Так что, хорошо зная весь репертуар своего собеседника, тем более, что слушатели ему как таковые были и не нужны, Сергей Николаев мог расслабиться и спокойно подумать о своем. Ему не давала покоя выдвинутая Мариной Федоровой, подругой покойной Ларисы Козловой, версия о днях убийства. По ее предположению, сегодня ночью “Джек–потрошитель” должен будет совершить еще одно преступление. Если она права, то завтра днем газеты и телевидение разнесут об этом весть по всей стране. Бред какой‑то, сидеть и ждать, понимая, что ничего не можешь сделать для предотвращения этой страшной и кровавой бойни. Десятки переодетых сотрудниц милиции дежурят по ночам в ночных ресторанах, барах, дефилируют возле гостиниц и в особо оживленных точках торговли живым товаром. Сотни нарядов милиции зорко следят за каждым ночным прохожим и проверяют каждую попавшуюся в поле зрения машину с припозднившимися пассажирами. Все бесполезно. Никаких следов, кроме группы крови, определенной по сперме убийцы, предположения, что у него имеется автомобиль иностранного производства и очень смутного описания человека, которого видели с одной из жертв. Причем, насчет группы крови тоже могут быть сомнения, ведь был прецедент с маньяком Чикатилло, когда его группа крови не совпадала с группой спермы. Именно поэтому его так долго не могли найти. А, может, Григорьев что‑то не договаривает мне? Ведь, если бы мне пришлось вести это дело, я тоже не слишком распространялся о всех деталях следствия.

— У вас свободно, можно к вам подсесть, — спросил подошедший к столику мужчина.

— А, Лень, садись, — прервал свой монолог, о личных качествах современных российских политиков, Евгений, — только купи нам с Серегой по чашке кофе и сто грамм водочки, а то мы сегодня на мели.

— Обойдешься, ты всегда на мели, — мужчина поставил на столик бокал коньяка, затем чашку с кофе и сел.

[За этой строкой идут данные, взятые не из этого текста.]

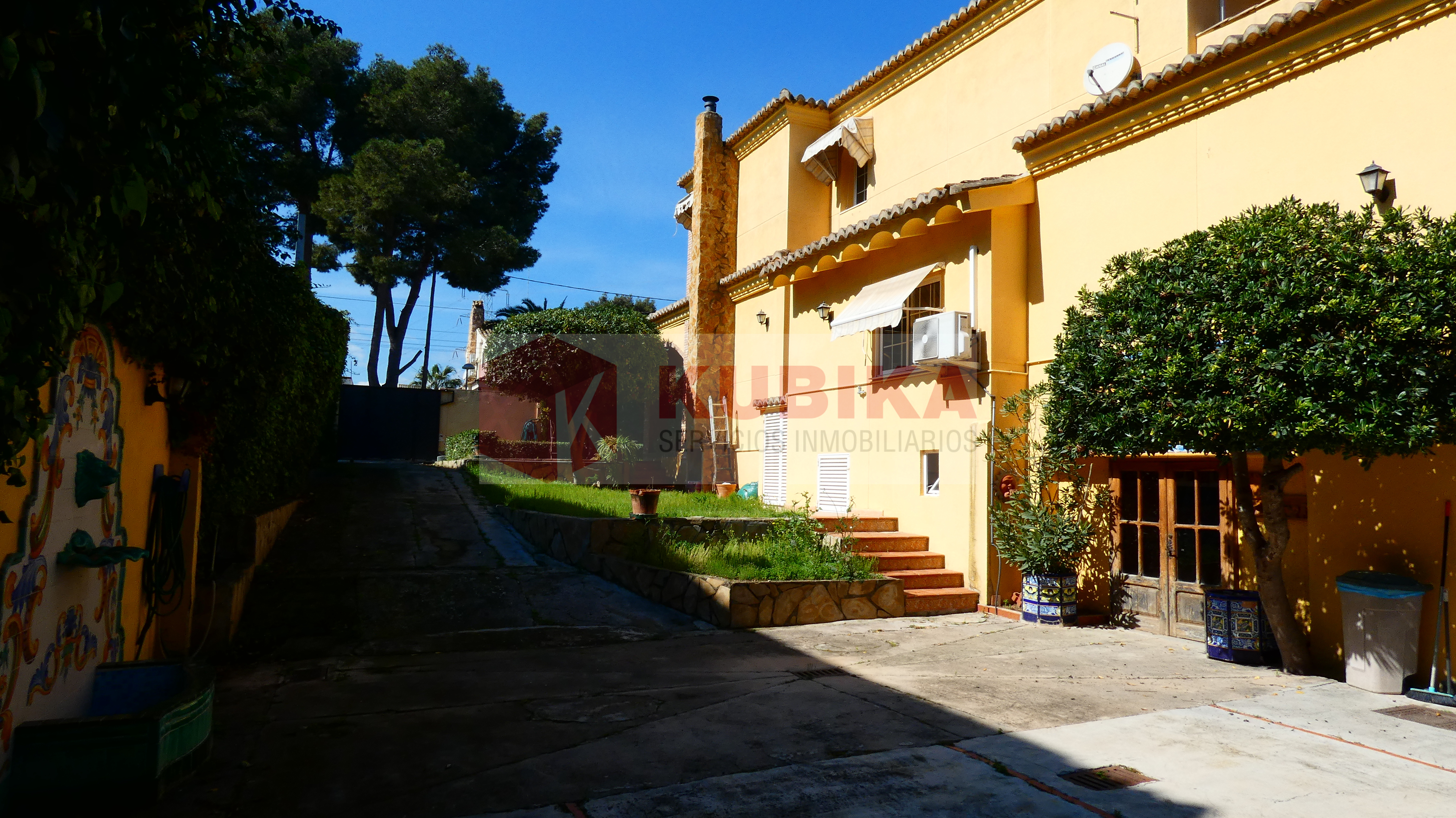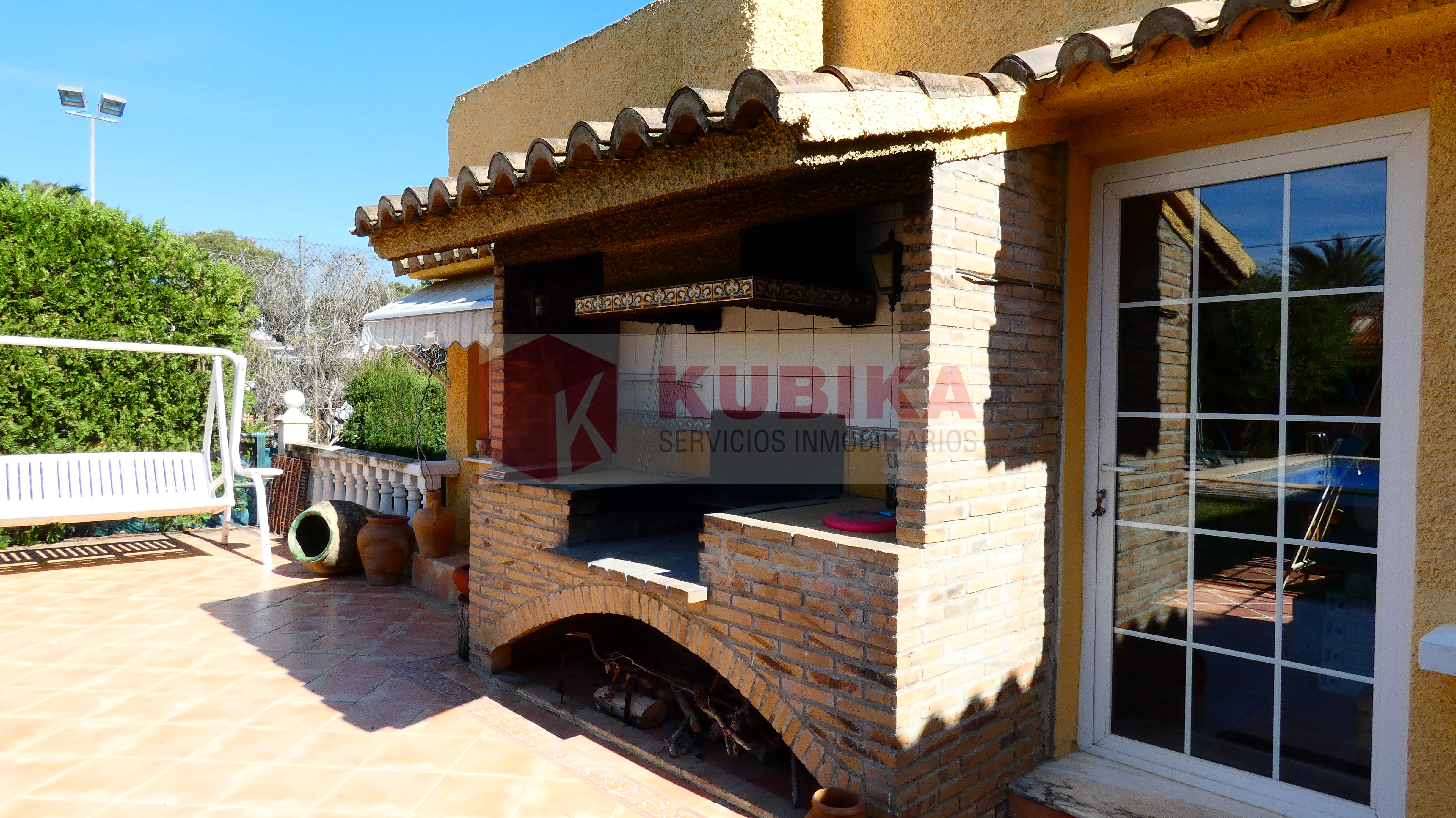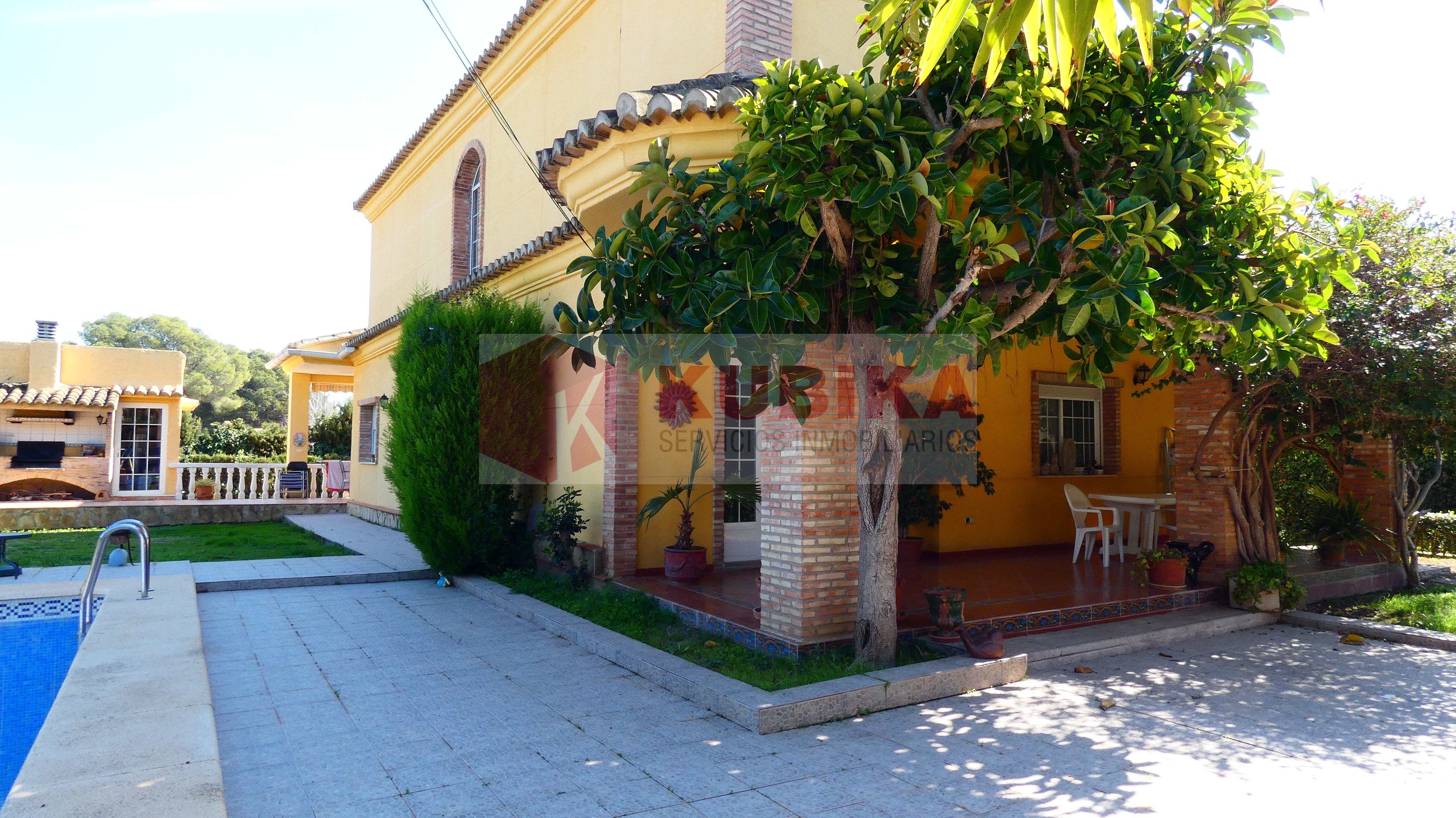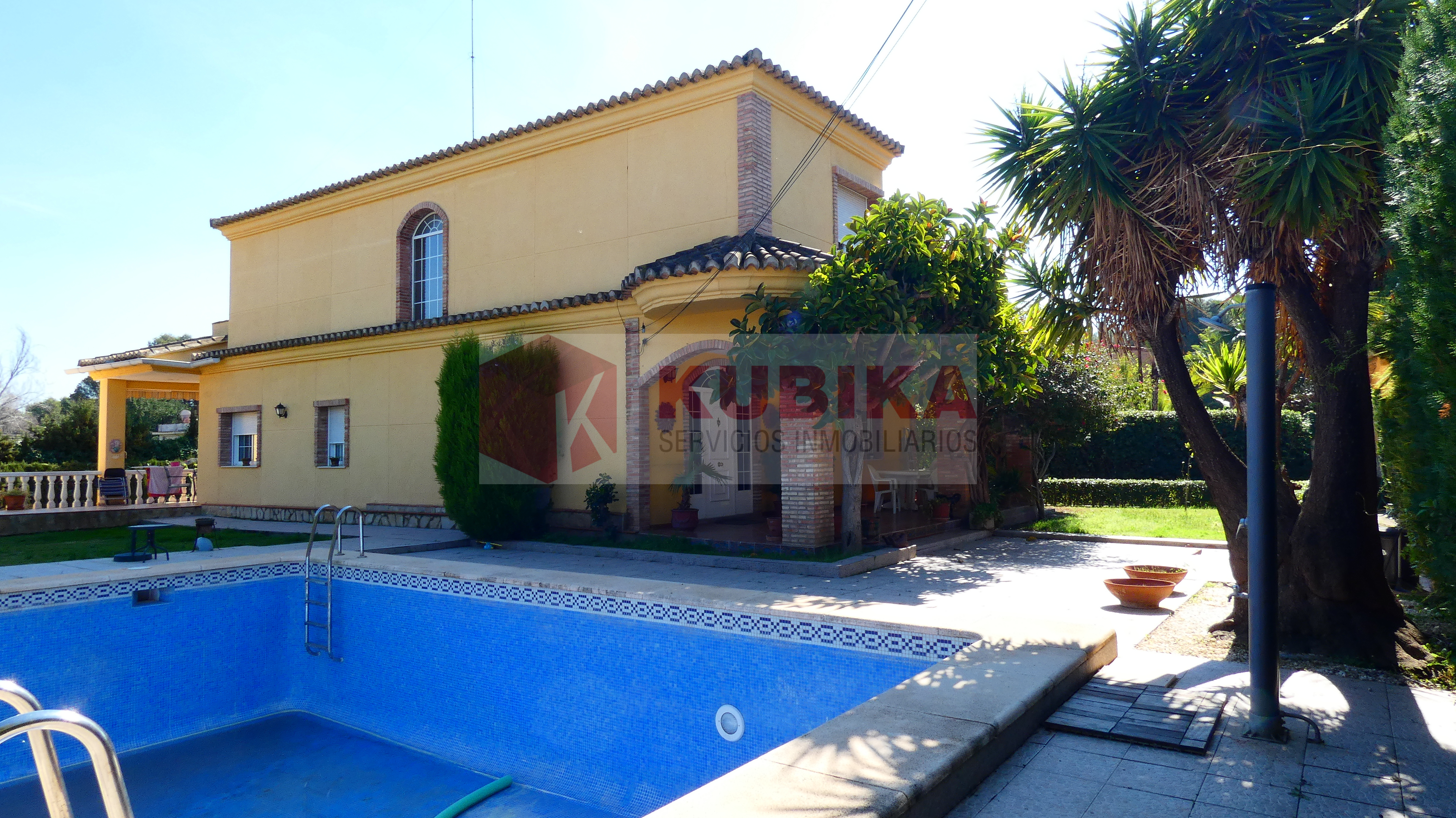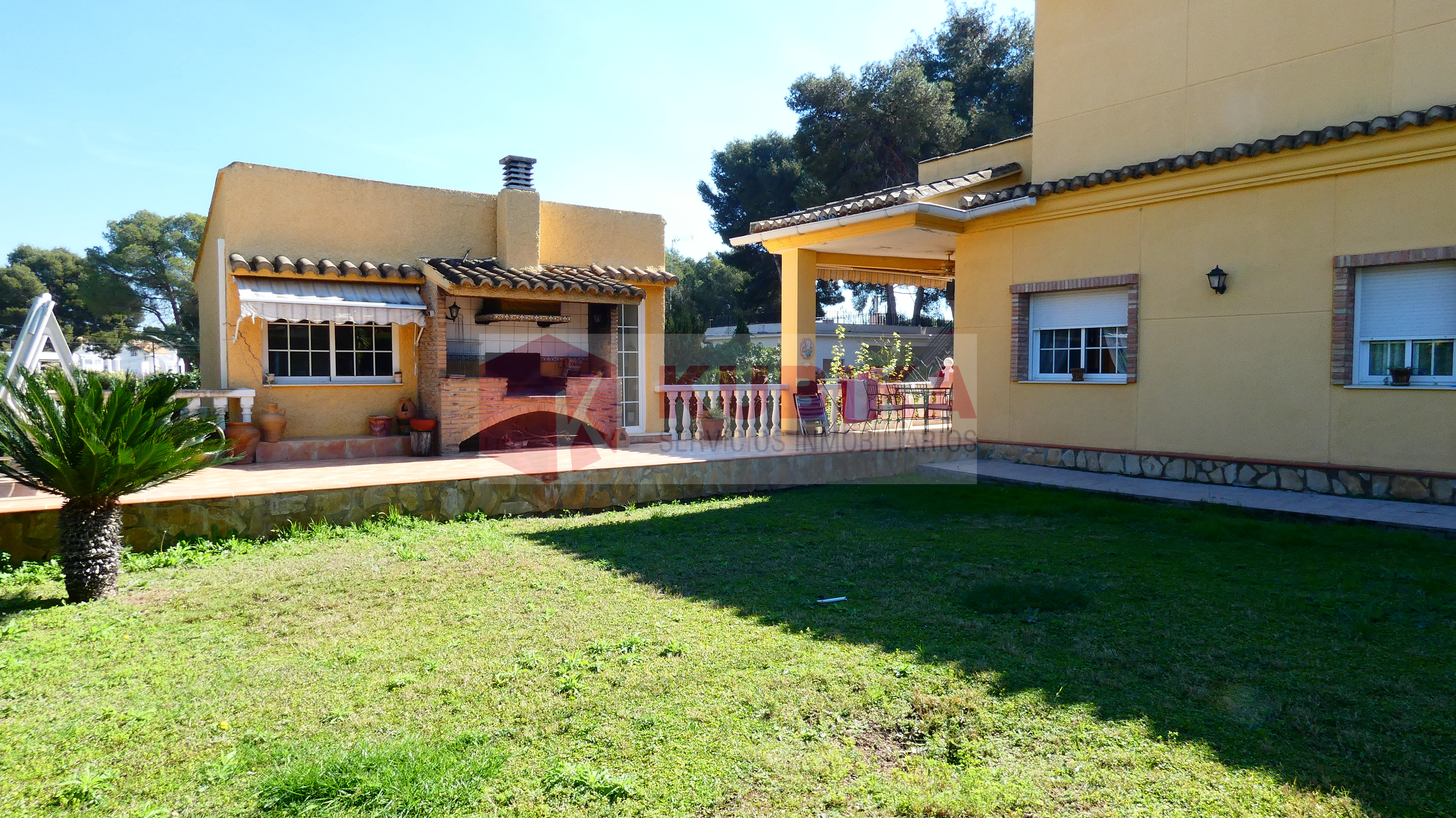 La vivienda dispone de un terreno de casi 1.100m2 con un jardín muy cuidado y totalmente consolidado, una bonita y amplia piscina de 9m x 5m, paellero, zona de árboles frutales, diversos espacios de almacenaje y una amplia cochera con puerta automática.

— Лень, ты знаком с товарищем? — спросил Евгений, показывая на Николаева. — Это Сережа Никитин. Очень хороший журналист, литератор.

— Не Никитин, а Николаев, — поправил его Леонид. — Мы знакомы. Привет.

Сергей кивнул ему в ответ.

— Ах да! — хлопнул себя ладонью по лбу Евгений. — Это Борька у нас Никитин, а ты у нас, точно, — Николаев. Слышали, что Борьке месяца три назад два ребра сломали.

— И правильно сделали, — сделав маленький глоток коньяка, сказал Леонид. — Его давно предупреждали, а он не успокоился.

— Вы это про кого говорите, — поинтересовался Сергей, — про нашего поэта и сатирика, летописца жизни современных литераторов?

— Про него, — солидно качнул головой Леонид и повернулся к Николаеву. — Ну, а у тебя как дела? Все детективными историями балуешься? Много заработал на них?

— Так себе. Недавно повесть закончил, обещают в журнале семьсот штук заплатить.

— Ха, — ухмыльнулся Леонид, — да я на скрытой рекламе в одной статье или передаче на порядок больше получаю. Впрочем, мог бы и не говорить, по тебе и так видно, что не процветаешь.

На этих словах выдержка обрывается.